10. Sonntag nach Trinitatis
Leitmotiv: Die Kirche und Israel
Wochenspruch: „Wohl dem Volk, dessen Gott der Herr ist, dem Volk, das er zum Erbe erwählt hat.“ Psalm 33,12

Mittwoch: Römer 9,1-5.31-10,1-4

Der Stein des Anstoßes für die orthodoxen Juden damals, die sich der neuen Lehre des Christentums gegenüber feindselig verhielten, war nicht die Lehre an sich, sondern ihr theologischer Kernpunkt: die Glaubensgerechtigkeit. Die trennende Grundfrage ist gar nicht die des Absolutheitsanspruchs des Christentums gegenüber dem Judentum vice versa, sondern eben jene: Gerechtigkeit aus Glauben oder Gerechtigkeit aus Werken? Paulus identifiziert sich mit dem verlorenen Sohn, der seinen älteren daheim gebliebenen Bruder vorbehaltlos liebt. Er fühlt sich in den älteren ein und empfindet stark dessen achtbare Ernsthaftigkeit, aber auch die enge Quälerei seiner fruchtlosen Frömmigkeitsbemühungen. Paulus sagt damit keinesfalls, dass der jüdische Glaube per se gesetzlich eng sei. Er weiß um seine Schätze, die Grund zu großer Freude sind für jeden Juden, der sie sich bewusst macht. Aber er sieht offenbar, dass sich sehr viele nicht freuen, sondern quälen.
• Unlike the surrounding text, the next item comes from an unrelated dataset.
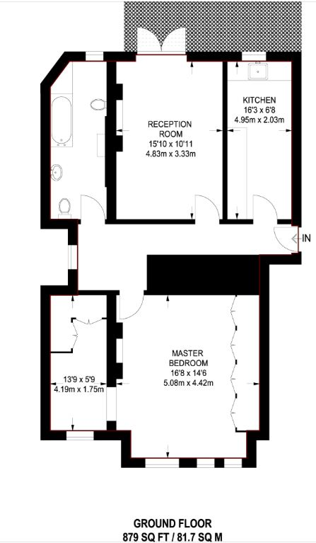 A spacious one bedroom ground floor flat in a fabulous location of this period conversion. With bright and airy natural decor. Features include large reception room, modern separate kitchen, a balcony and dressing room/study area adjoined to a sizeable Master double bedroom.

Diese vielen brauchen Rettung, denn ihr Glaube ist so krank wie der des daheim gebliebenen älteren Sohnes.

Dass Paulus sich sogar um dieser Rettung willen vorstellen kann, selbst von Gott verworfen zu werden, zeigt deutlich, dass er die Frage der Prädestination nicht unter dem Gesichtspunkt des jüngsten Gerichts betrachtet, wonach Verwerfung ewige Hölle und Erwählung ewigen Himmel bedeutet, sondern dass es ihm um den Sinn der so ganz unterschiedlichen Wege Gottes mit den Menschen bei gleichen Voraussetzungen geht, also um die wesentliche Teilfrage des Theodizeeproblems, warum Gott die einen in die Irre gehen lässt und die anderen nicht. Das tröstlliche Ziel, so wird er den Gedankengang in Kapitel 11 abschließen, ist immer, dass Gott sich aller erbarme.